This live webinar panel, chaired by Amber Loomis of LGBTIQ+ Health Australia, explores the recently released Lean on Me report from La Trobe University. The report revealed that the responsibility for providing suicide prevention in LGBTQ communities in Melbourne frequently falls on peers with little or no training in responding to a mental health crisis. This ARCSHS report, funded by North Western Melbourne Primary Health Network (NWMPHN), explores how LGBTQ individuals experiencing mental health concerns turn to their peers.
Our panel will explore the ways that suicide prevention and mental health-related peer support is extensive and vital in LGBTQ communities in Melbourne. Such informal support can involve a person being there for a friend, partner, colleague or even a stranger during a mental health crisis, including when they are suicidal. The study drew from data collected in qualitative interviews with 25 people living in metropolitan Melbourne, Australia, and identifying as LGBTQ.

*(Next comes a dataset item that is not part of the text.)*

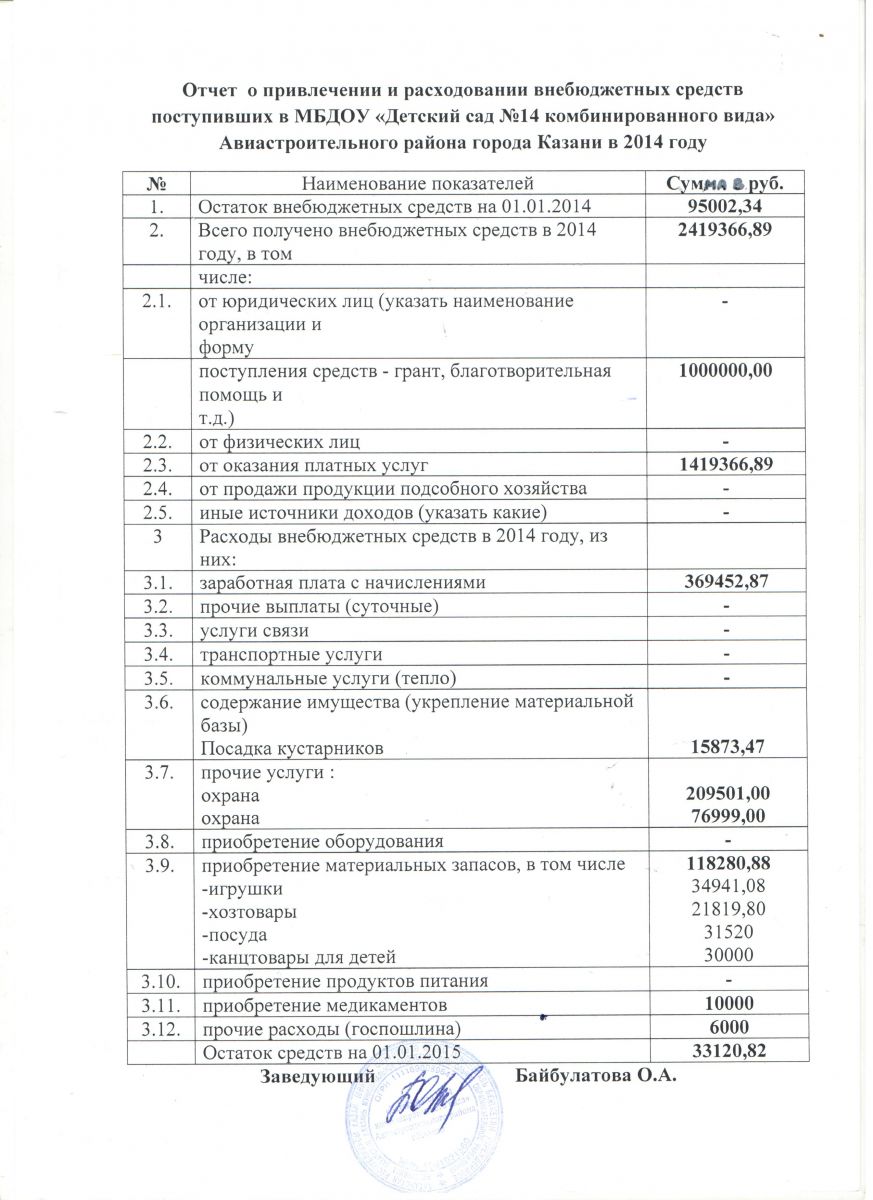 Отчет о привлечении и расходовании внебюджетных средств в 2014 году

You can read the full report by clicking the button below:
About the Webinar Panel
Dr Adam Bourne is Associate Professor of Public Health and Deputy Director of the Australian Research Centre in Sex, Health and Society at La Trobe University where he leads a large program of research relating to LGBTIQ health and wellbeing. He has a particular focus on research into mental health and suicidality, alcohol and other drug use and family violence. Adam is a member of the Victorian Whole of Government LGBTIQ Taskforce and Co-Chairs its LGBTIQ Health and Human Services Committee.

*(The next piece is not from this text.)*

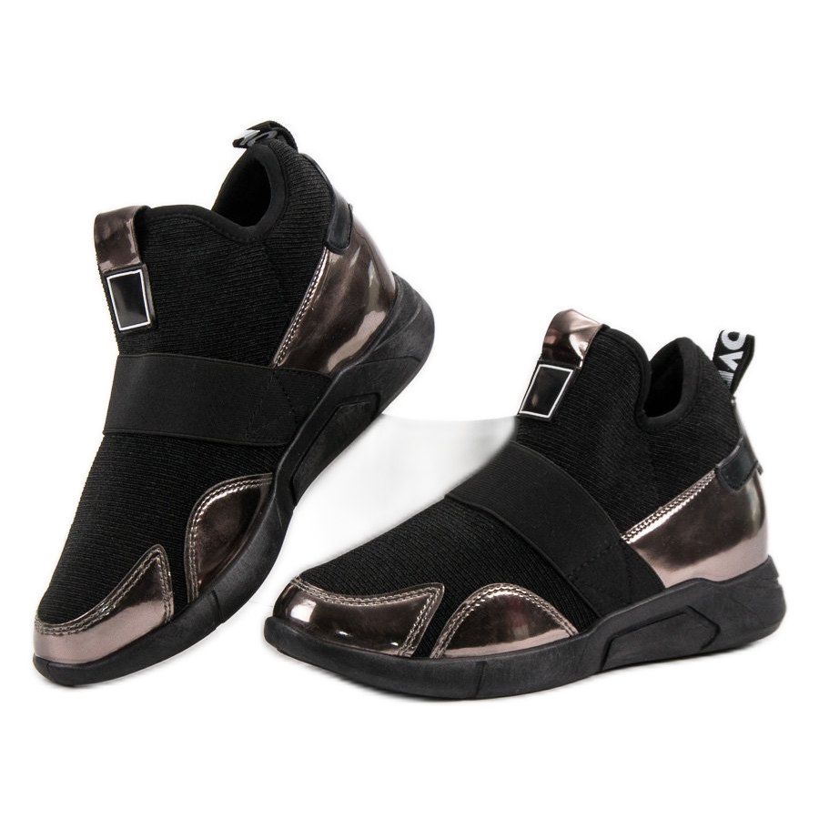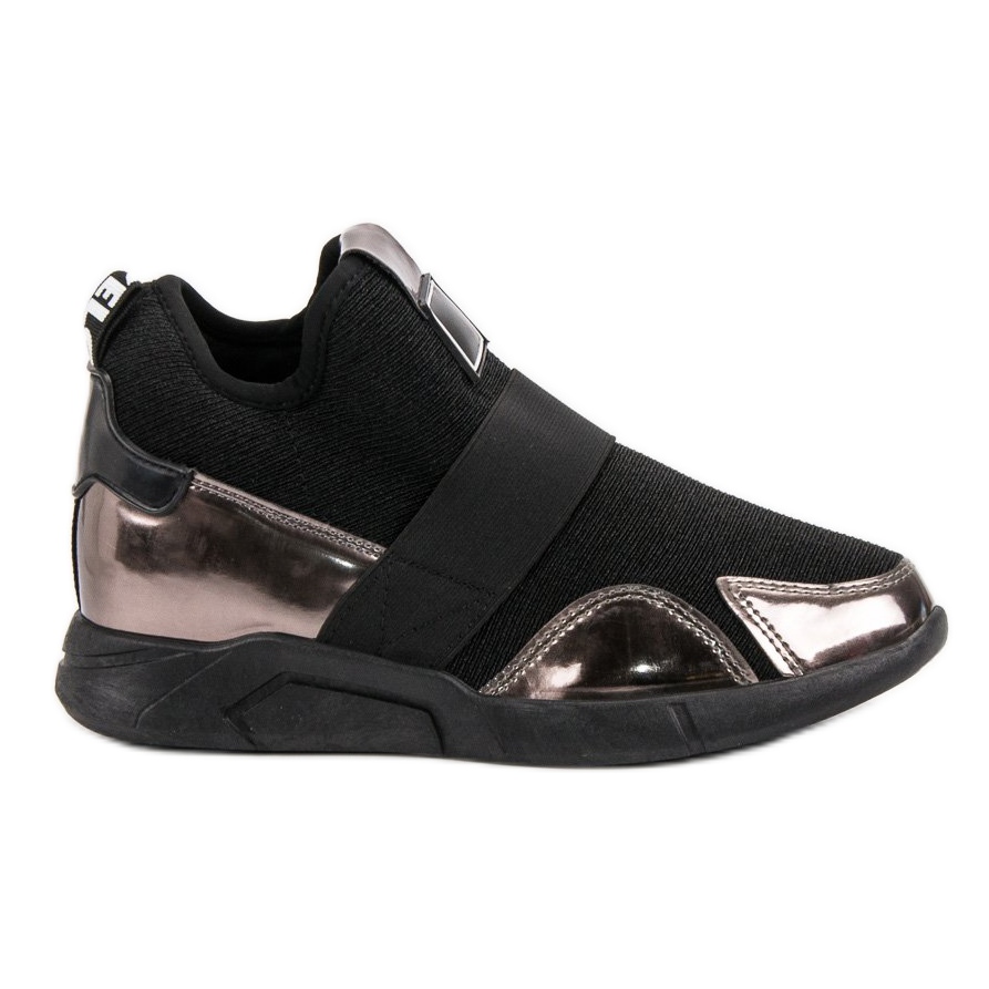 Feitos de materiais têxteis leves e couro ecológico envernizado, esses tênis ficam lindos em vários estilos - tanto casuais quanto esportivos. Graças a uma cunha oculta de 6 cm de altura e a uma plataforma de 2,5 cm, estes sapatos não só alongam opticamente as pernas, mas também garantem estabilidade e conforto de uso.

Dr Andrea Waling is an Australian Research Council DECRA Fellow (2020-2023) at the Australian Research Centre in Sex, Health and Society (ARCSHS), La Trobe University in Melbourne, Australia. She is currently working across a range of research projects involving explorations of men, sexuality, and bodies; young people and sexual literacy, technologies, sex, and sexual intimacy, and LGBTIQ+ health and well-being.

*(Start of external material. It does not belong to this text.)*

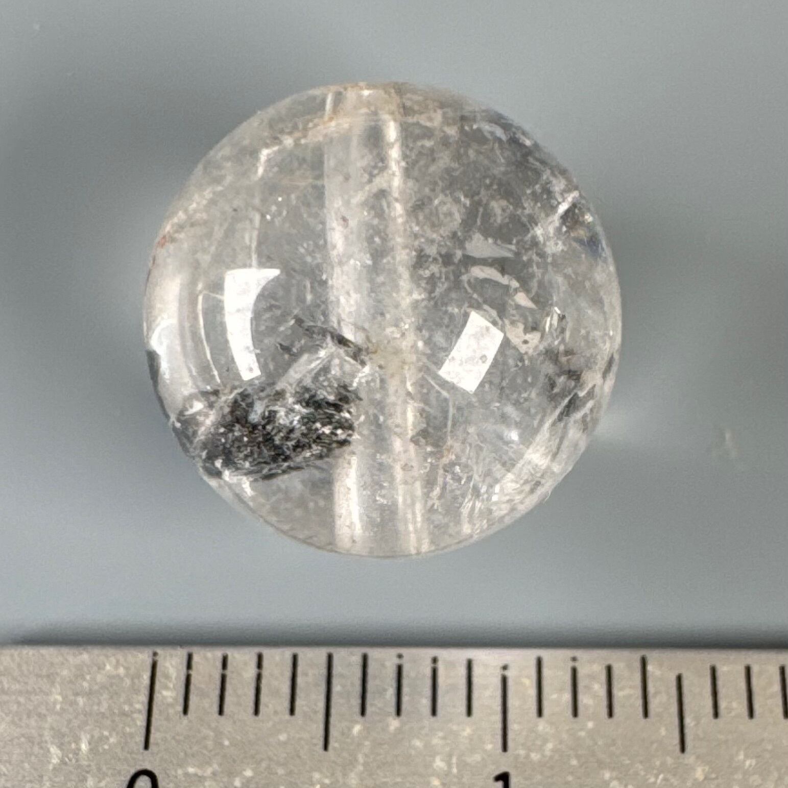 内部クラックと曇りが見られる水晶部、中にはゴロっとしたヘマタイトが2つ見られます。

Anna (she/her) is a community champion striving to put LGBTIQA+ suicide prevention on the national agenda. Proudly bisexual, Anna leads Switchboard Victoria’s suicide prevention program.
She is a powerful voice, advocate, lived experience representative and recognised as an influential emerging leader in the mental health and suicide prevention sectors. In 2020 Anna was honoured to named one of Out for Australia's 30 under 30. Anna delights in sipping green tea, origami folding and co-parenting a boisterous young greyhound.
Jo Read is the Project Officer, Suicide Prevention Initiative at NWMPHN. Jo has led the LGBTIQ+ Suicide Prevention Trial for the past two years co-designing suicide prevention activities with LGBTIQ+ communities, people with lived experience, community controlled organisation and health organisations. Which included the Lean on Me Research project.